Problem Let $a,b$ be integers, and let $m,n$ be positive integers. Show that if
$a | (-b+2n)$ then $a \nmid (3b +7m)$ or $a \leq 6n+7m$.
Thoughts:
By contradiction, if $a | (3b+7m)$ and $a>6n+7m$.
If $a>(6n+7m)$ then $a \nmid 6n+7m$ since $m,n$ are positive.
I'm not really sure how to proceed. Hints appreciated.
Example:
Suppose $a=b=1$, and $m=n=2$, then $1$ does divide $3b+7m=3(1)+7(2)=17$ but $a=1 < 6(2)+7(2)=26$, ok this works.
The role of $m$ seems a bit unclear to me. For instance I could try to find a multiple of $(2b+7m)$ added to some multiple of $(6n+7m)$ that is divisible by $a$, that would somehow contradict that $a$ divides $(-b+2n)$, but not sure how.
Best Answer
Logically Equivalent to show the following: If $a|(-b +2n)$ and $a|(3b+7m)$, then $a \le (6n+7m)$.

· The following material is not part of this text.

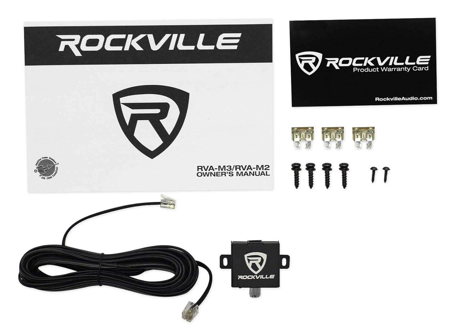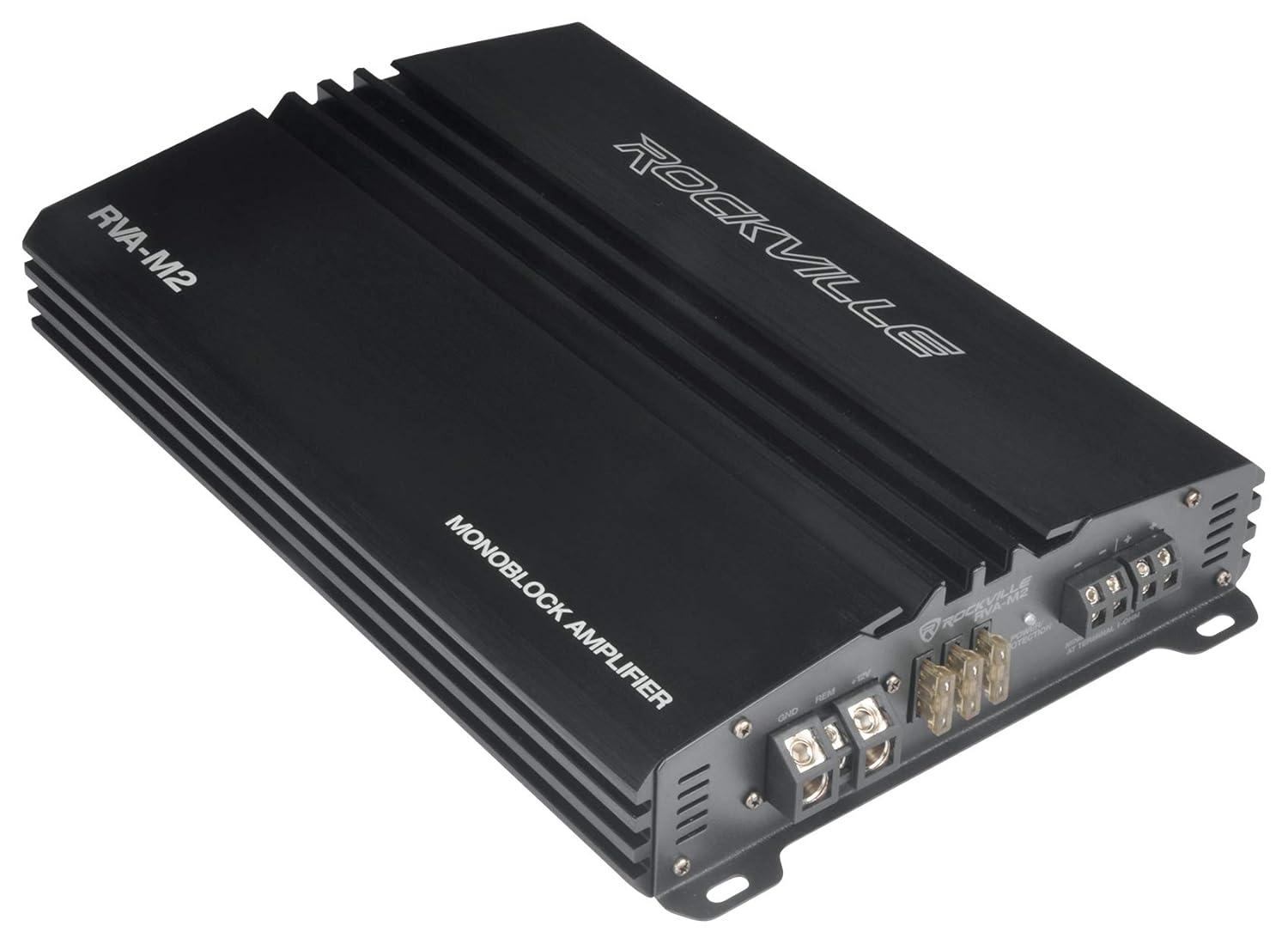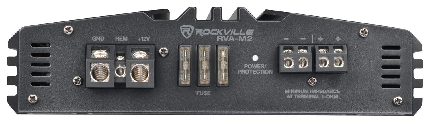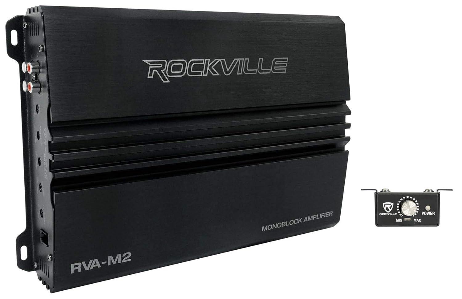 Package Includes: (1) RockvilIe RVA-M2 2500w Peak/625w CEA RMS @ 1 Ohm Amplifier Mono Car Amp+Remote. (1) RockvilIe RWK41 4 Gauge Complete Car Amp Wiring Installation Wire Kit with RCA's. RockvilIe RVA-M2 2500w Peak/625w CEA RMS @ 1 Ohm Mono Car Amplifier. Metal Bass Remote Included. 1 Ohm: 625 Watts RMS CEA Compliant (<1% THD @ 14.4 Volts) (70.2% efficient)

So we show this next. To this end note the following: if $a|(-b+2n)$ then $a|3(-b+2n)=-3b+6n$. So $a$ divides both $-3b+6n$ and $3b+7m$, so $a$ divides the sum of these two integers which is $6n+7m$. But then if $a$ divides $6n+7m$ then $a$ must be no larger than $6n+7m$.